Drop the pictures; give again exactly the lines from the one holding "(without tags)Women's Casual" through the end of the data.
Provided entries START
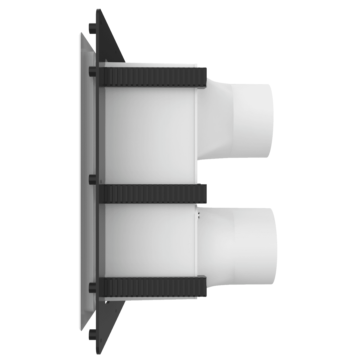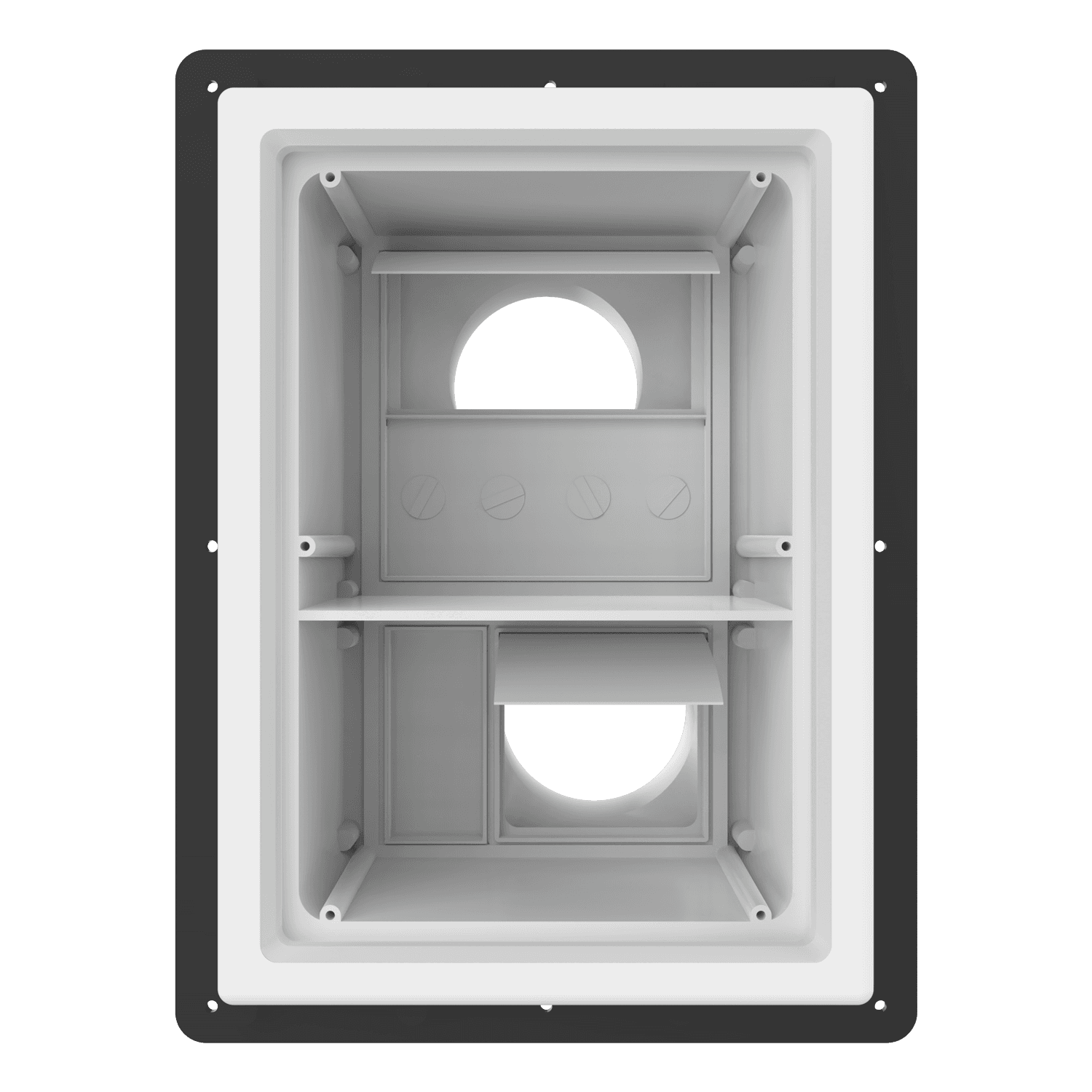 Double exhaust box with dual 4″ duct ports in a vertical orientation. For use with glass curtain wall, glazing/composite panel systems and similar exteriors. Includes compression plate mounting flange, gravity backdraft dampers and a separator fin which prevents exhaust from mingling inside the box. Can be customized to fit unique field conditions.
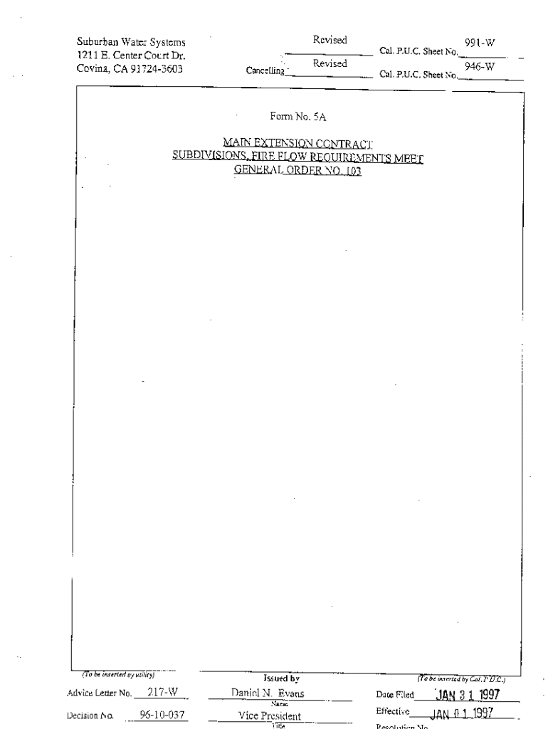 Suburban 1211 Covina,WaterE. Center CARevisedSystems CourtDr.917243603991W Cal. P.U.C. Sheet No.CancellingRevisedForm946W Cal. p.u.c.No.Sheet No.5AMATN EXTENSION CONTRACT SUBDMSIONS. FIRE FLOW REQUTREMENTSMF,F,T
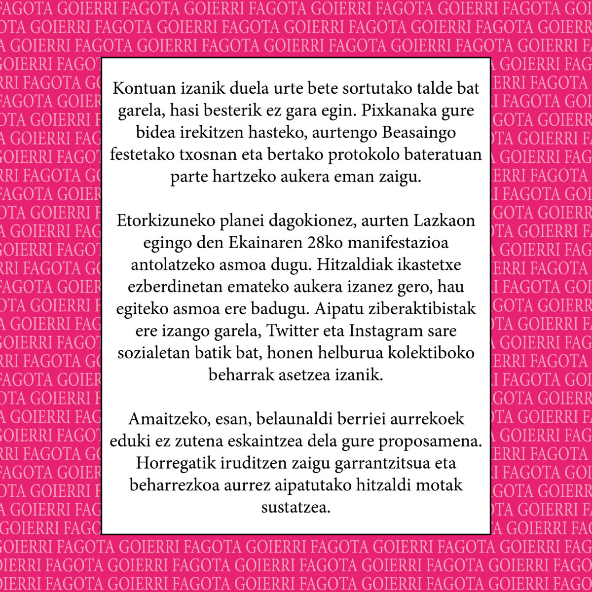Ekainaren 28a, LGTBI+ Harrotasun Egunean, 19:00etan hasita, LGBTIQ+ komunitatearen eskubideen aldeko manifestazioa antolatu du Goierri Fagota taldeak. “Lazkaoko kaleak hartuko ditugu eta ikusgarritasuna emango diegu gure partaideei”.
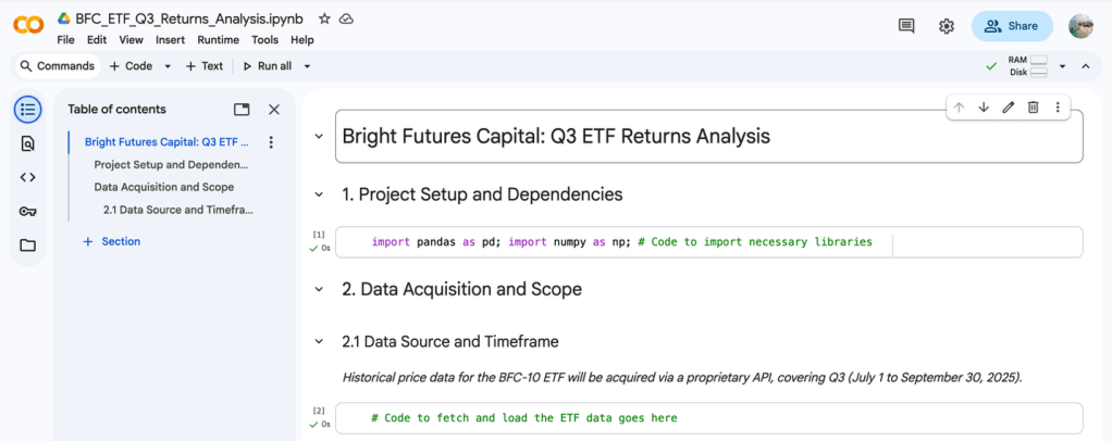 Scenario: You’re an equity researcher at Bright Futures Capital who needs to analyze the quarterly returns of a new Exchange Traded Fund (ETF) and present the initial findings in a notebook structure that is easy for the portfolio manager to review as the first deliverable of a new project in a new Colab environment to establish a clear, documented, and professional workflow for all future financial analysis. You must create a structured notebook using Markdown headings and placeholder code.
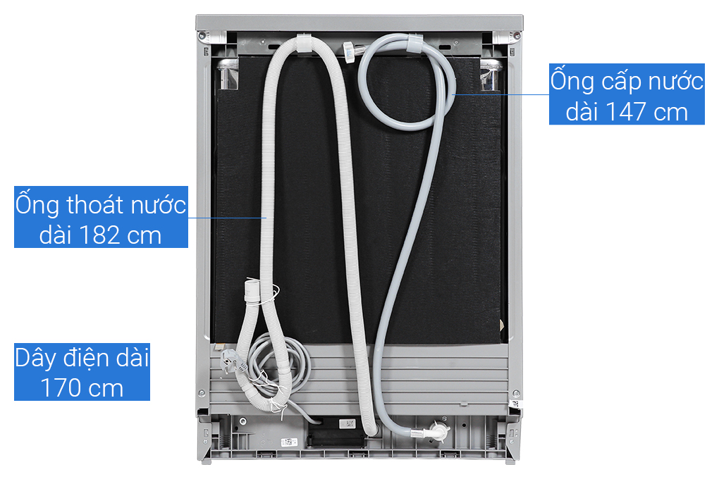 - Máy có khả năng rửa được khoảng 4 bữa ăn Việt với lượng nước tiêu thụ là 9.5 lít/lần rửa.
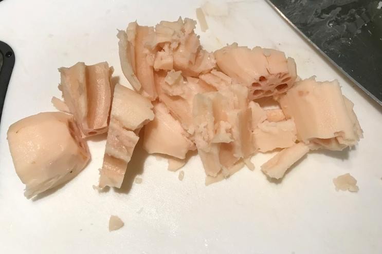食材准备:莲藕1节、猪骨300克、小葱1根、料酒1勺、食盐适量
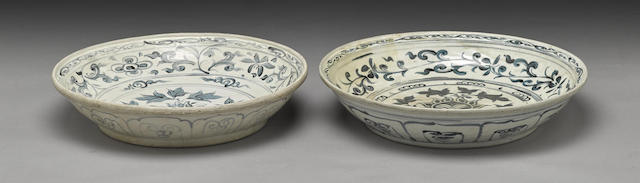 Each with the interior well painted in underglaze blue with a stylized floral roundel encircled by leafy blossoms or tendrils below a scroll band at the rim, the exterior ringed with jeweled lappets and the base applied with brown iron oxide (each wi
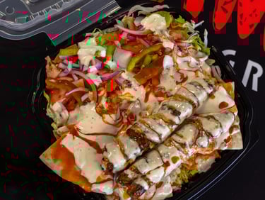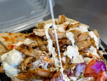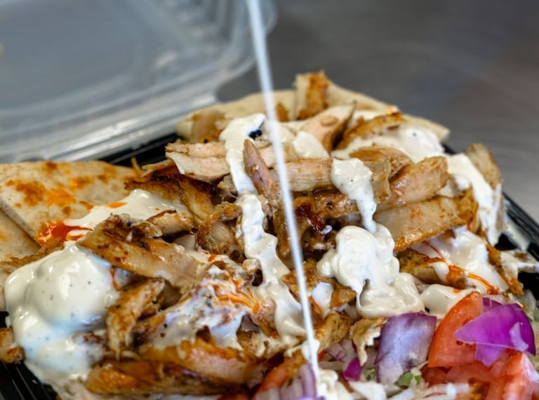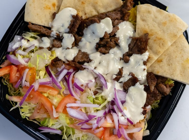 Thin sliced chicken marinated in our special blend spices and slowly cooked on stand-up rotisserie. Served with lettuce, tomato, onion, and garlic sauce.
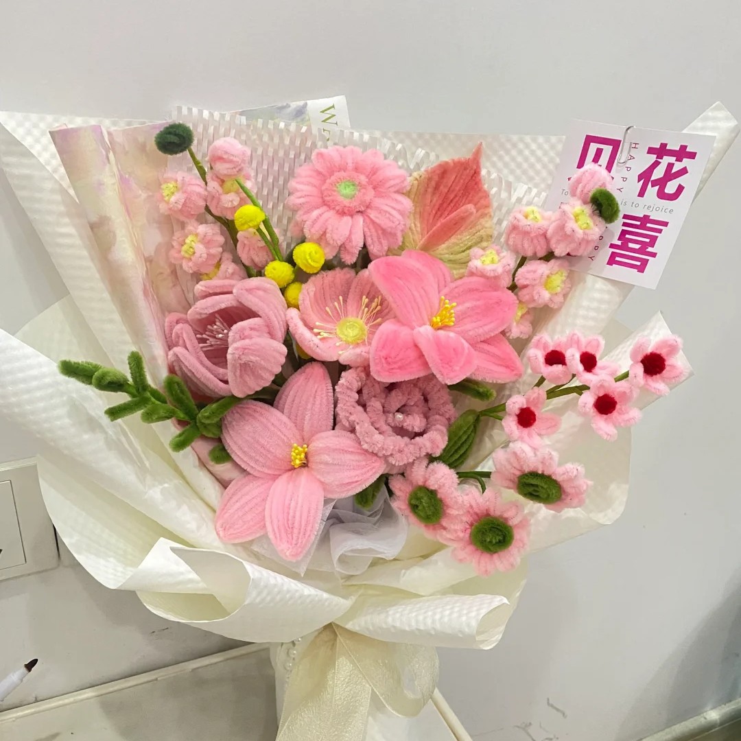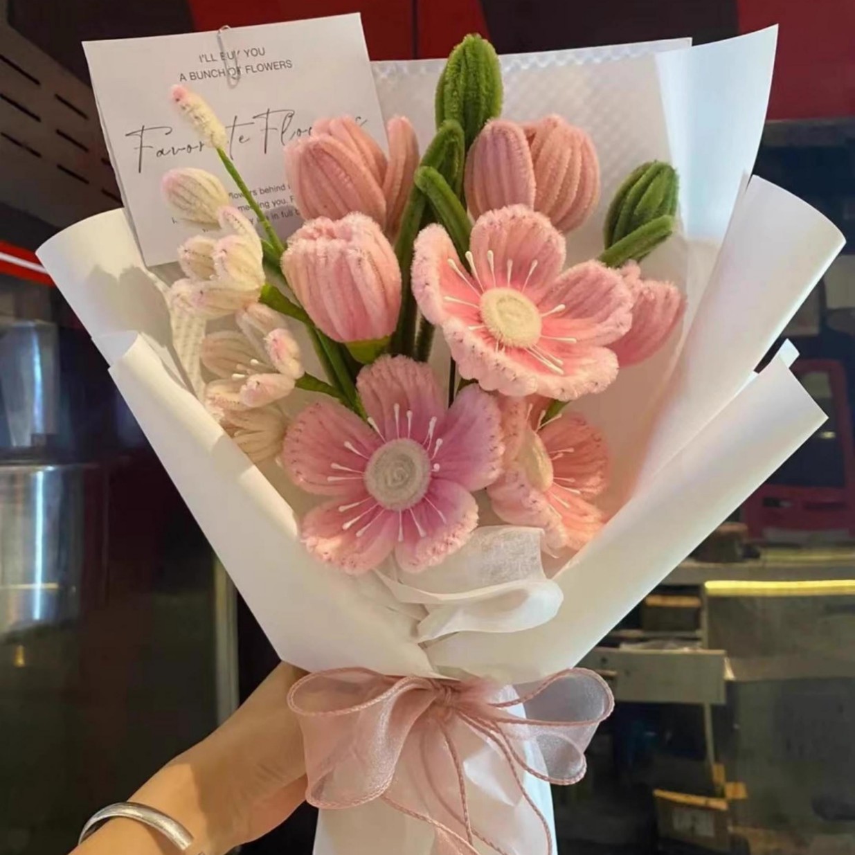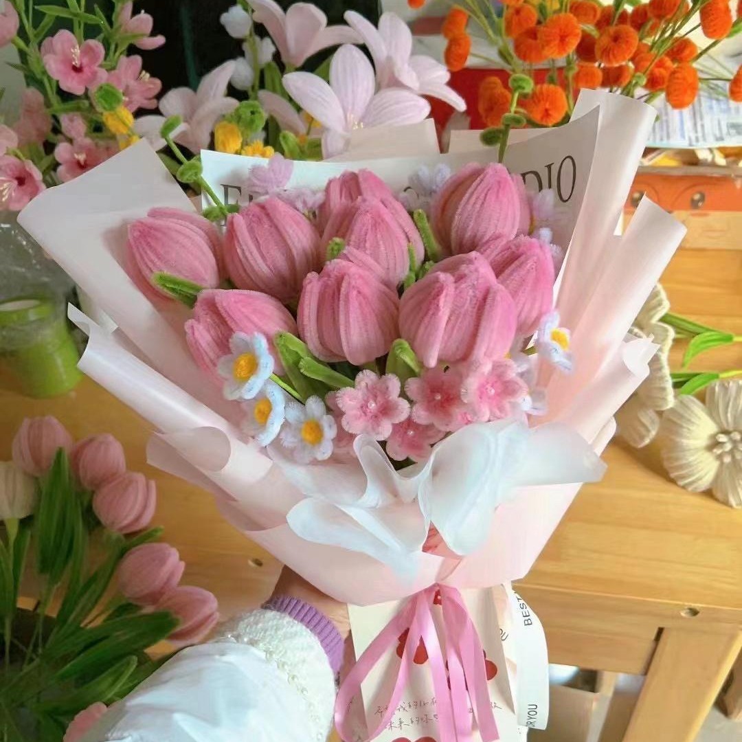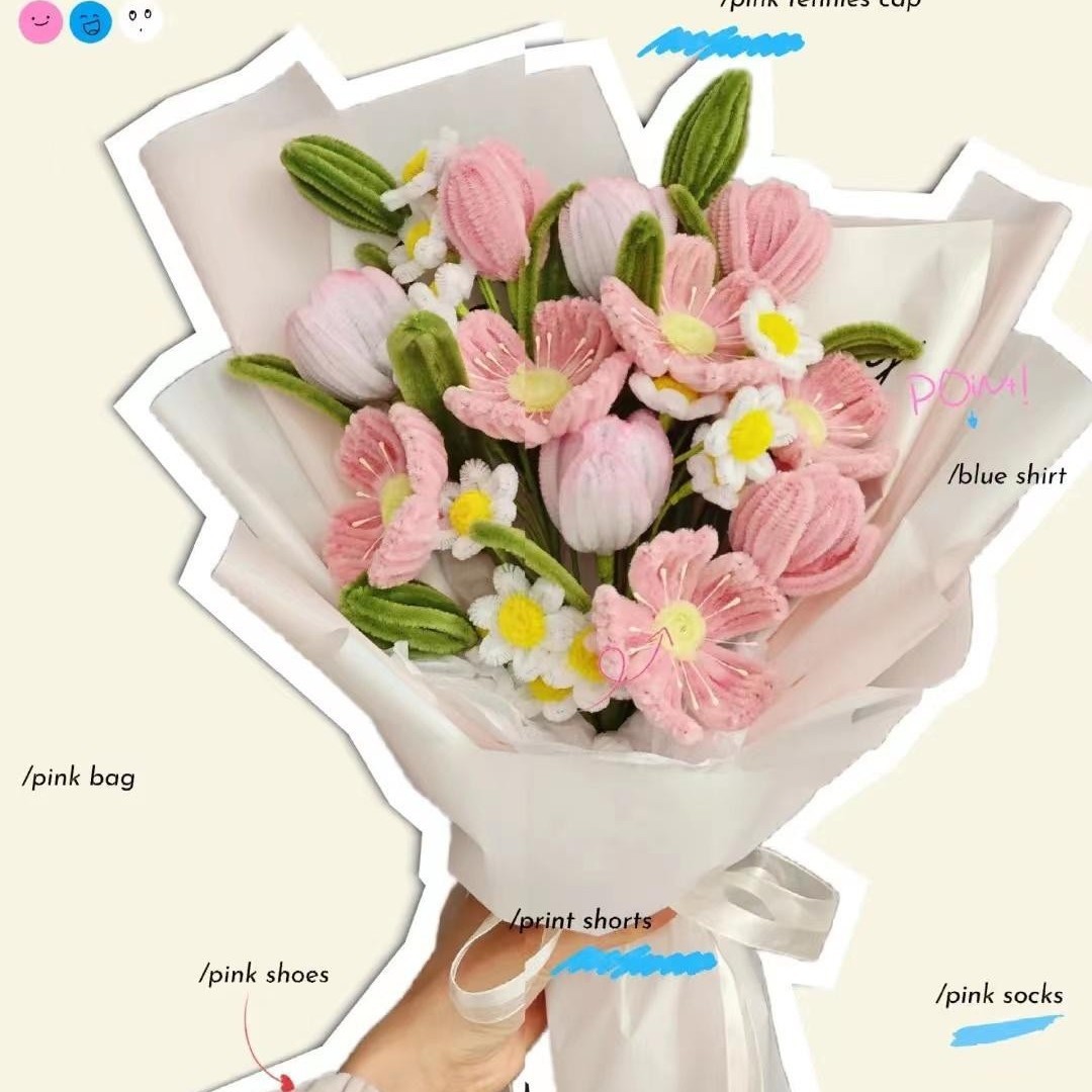 • 핑크 튤립 카모마일 꽃다발 재료 패키지에는 튜토리얼이 포함되어 있습니다.
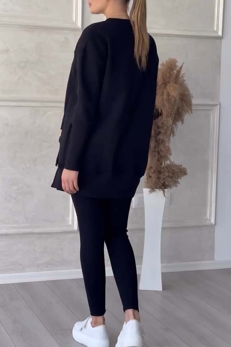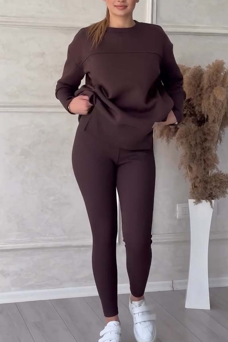 (without tags)Women's Casual Solid Color Round Neck Long Sleeve Slit Hem Sweatshirt Leggings Set
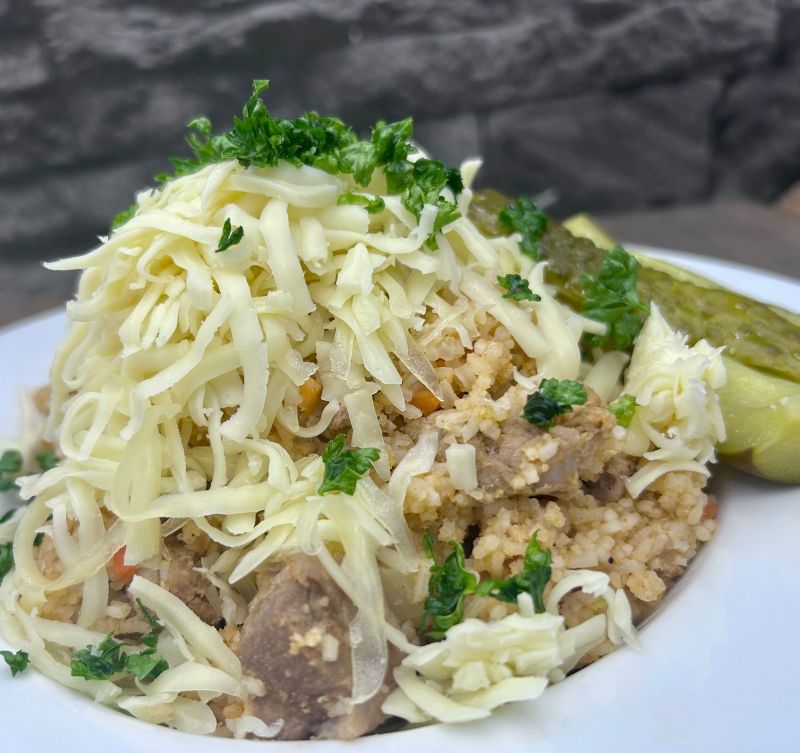 3. 150g Hrachová kaše se smaž. cibulkou, uzeným masem a chléb125 Kč
Provided entries END
§ Response below
 (without tags)Women's Casual Solid Color Round Neck Long Sleeve Slit Hem Sweatshirt Leggings Set
 3. 150g Hrachová kaše se smaž. cibulkou, uzeným masem a chléb125 Kč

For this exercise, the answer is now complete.